According to Emmer, there are several reasons why Jews have written so many key seasonal anthems. First, there is the natural corollary of so many Jews, as Yentob demonstrated, working in the entertainment sphere already and the inevitability that they would eventually write highly economically viable Christmas songs.

"It's a question of cold statistics," he reasons. "It's predictable that they would write festive tunes."

Then there is the pragmatic nature of Jews, enabling them to put aside their own religious leanings for three minutes of worship at the altar of all things Christian, although they cleverly avoided specific religious references or connotations, keeping things secular and more universally applicable.

"There is no mention of Jesus Christ in those songs," he points out. "Instead, there's more of a yearning that is understandable for every listener. Very cleverly, they feature an uplifting, happy-go-lucky outer layer, but there is also a melancholy undercurrent of the sort that you find in popular Jewish folk music.

"In fact, "with Chanucah songs, there is more of a melancholy overtone but with the Christmas songs it is more of an undertone. It's more subtle, and very skilfully deployed by master craftsmen."

At the most American time of the year, Jews have composed heartfelt eulogies to hearth and home to demonstrate their keenness to belong. Why would Jewish songwriters be so keen to pen quintessentially Ameri-Christian anthems? One word: assimilation.

"It's in the nature of Jewish artists," contends Emmer. "You see it in art with people like Chagall: they always allow for empathy in their work. It happens in an almost Freudian way. It's like that Woody Allen film, Zelig," he says, referencing the 1983 mockumentary about the character who is so desperate to conform that he morphs into characters from history. "He so heavily empathises with others that he becomes them! That is symbolic for how Jews have managed to integrate in worlds that are not their own, to survive and assimilate. This is a quality you can use in composing songs so that everyone can understand."

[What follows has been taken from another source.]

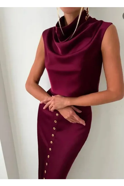 Saten Kumaş Özel İşleme Düğme Detaylı Takım
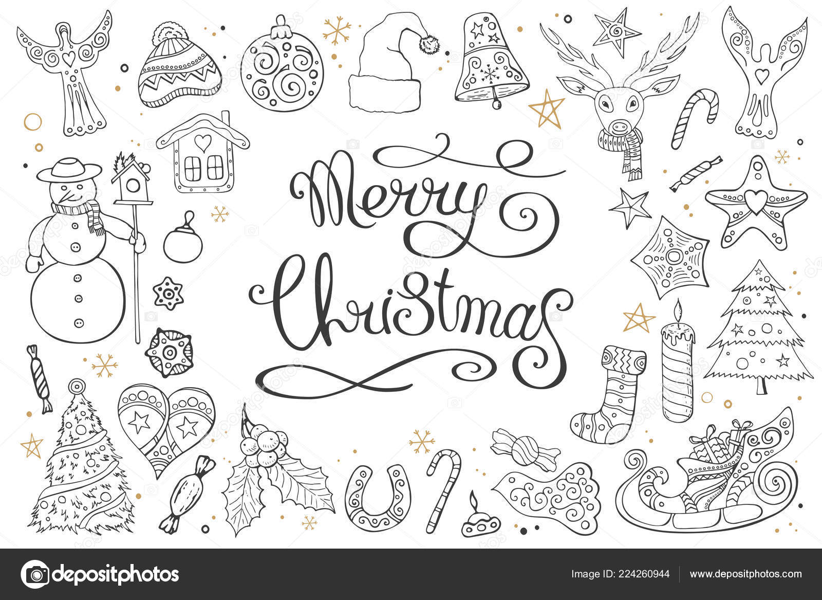 Disegnata A Mano Doodle Vettore Linea Di Natale Arte - Download

Is this why Emmer, a Dutchman, wrote a Christmas song about life - or rather, strife - in England? Because he empathises with our plight and wants to belong?

"Well, I'm not putting myself on the same level as someone like Irving Berlin," he laughs, "but here I am, a Dutch guy, writing a song for the English nation just as the songwriter-immigrants did for Americans in the '30s and '40s."

But why would this Dutch Jew write a Christmas song about the English? "At the risk of sounding like Bob Geldof, I was watching English TV in Amsterdam and was struck by images of the elderly being cold, the government being in troubled times, and I had the idea of a nation in a confused state that has to find comfort in a Christmas song," he explains.

Why not write one for Holland?

"Because Britain is far more dramatic!"